If you’re willing to keep the rounded corner effect only for the two
classes of browser that currently understand that portion of CSS3, you
can use my CSS3 Corners Action instead of the built-in Freeway stuff
to round the corners.
When you do that, you’ll be able to let Freeway set a single, non-
tiling image for the object background using the background segment of
the Inspector.
Only WebKit (Safari, MobileSafari, Android, Chrome, and a host of
minor browsers with far less market penetration) and Firefox 3 or
better (are there any Gecko-based non-Firefox browsers?) will see the
corners as rounded.

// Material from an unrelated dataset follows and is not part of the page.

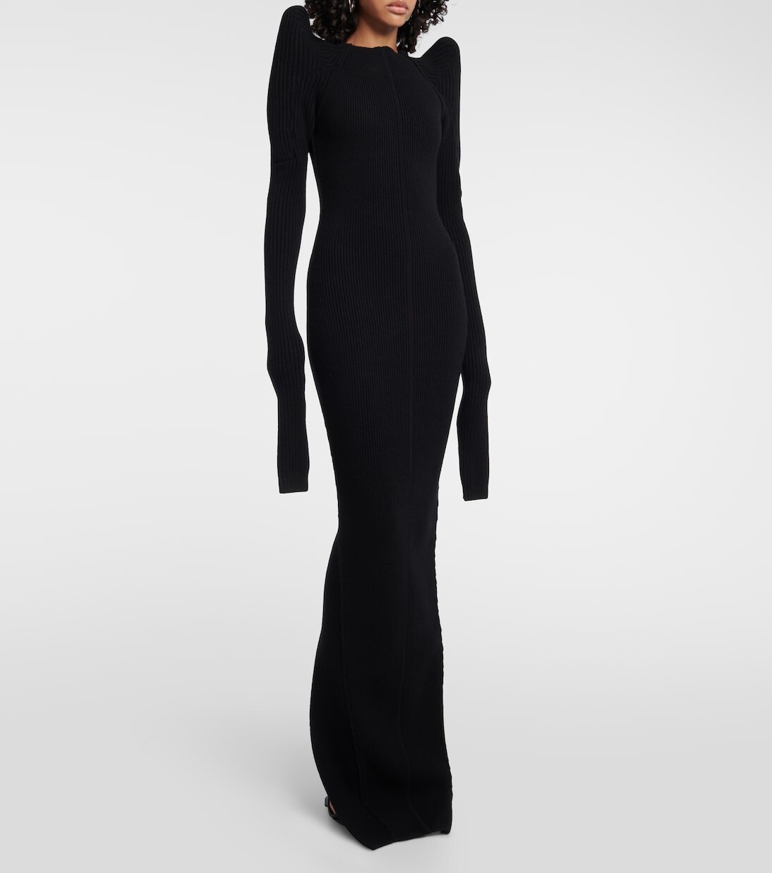 Ощутите авангардную эстетику Рика Оуэнса в этом эффектном платье. Мастерски выполненный из эластичной смеси кашемира и шерсти, силуэт со вставками подчеркивается эффектными рельефными плечами и удлиненными рукавами со сборками. Состав: 97% кашемир, 2% шерсть, 1% эластан. Рекомендации по уходу: сухая чистка. Сделано в Италии.

IE and chums will resolutely leave them square.
Whether or not this is a big deal to you depends on the rest of your
design, and whether you’ve shown the rounded corners to your clients
yet. If they haven’t seen them, then you can usually get away with
this because they won’t know any better. When they finally see the
site in a modern browser, they’ll congratulate you for making an
iPhone-optimized site or similar nonsense…
Walter
On Feb 5, 2010, at 11:19 AM, derekzinger wrote:
I’ve got an html item with a rounded corner effect applied to it, to
which I would like to add a background image. For some reason,
though, the image isn’t filling the div all the way to the bottom.

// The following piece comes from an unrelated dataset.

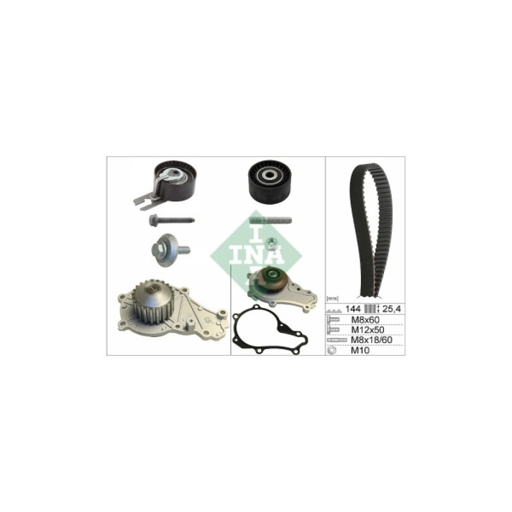 Комплект ременя ГРМ з водяним насосом INA 530 0239 30 дозволить замінити зношений ремінь ГРМ, забезпечуючи більш ефективну передачу обертання між розподілвалом і колінчастим валом, а також більш стабільну роботу газорозподільного механізму автомобіля. Всі елементи виконані з високоякісних матеріалів, забезпечуючи тривалий термін експлуатації деталі. Ремінь ГРМ має кількість зубців 144 шт. Ширина дорівнює 25.4 мм.

The image stops right where the rounded corners begin. Coincidence?
Are the corners somehow blocking out the image?
Also related, that background image seems to be tiled by default,
and (I think because it’s inline) I don’t have the tiling options
available to me. I assume this is due to an html limitation, as
there’s no problem “untiling” an image placed into a freestanding
html item. Does anyone know of any workarounds for this? Thanks!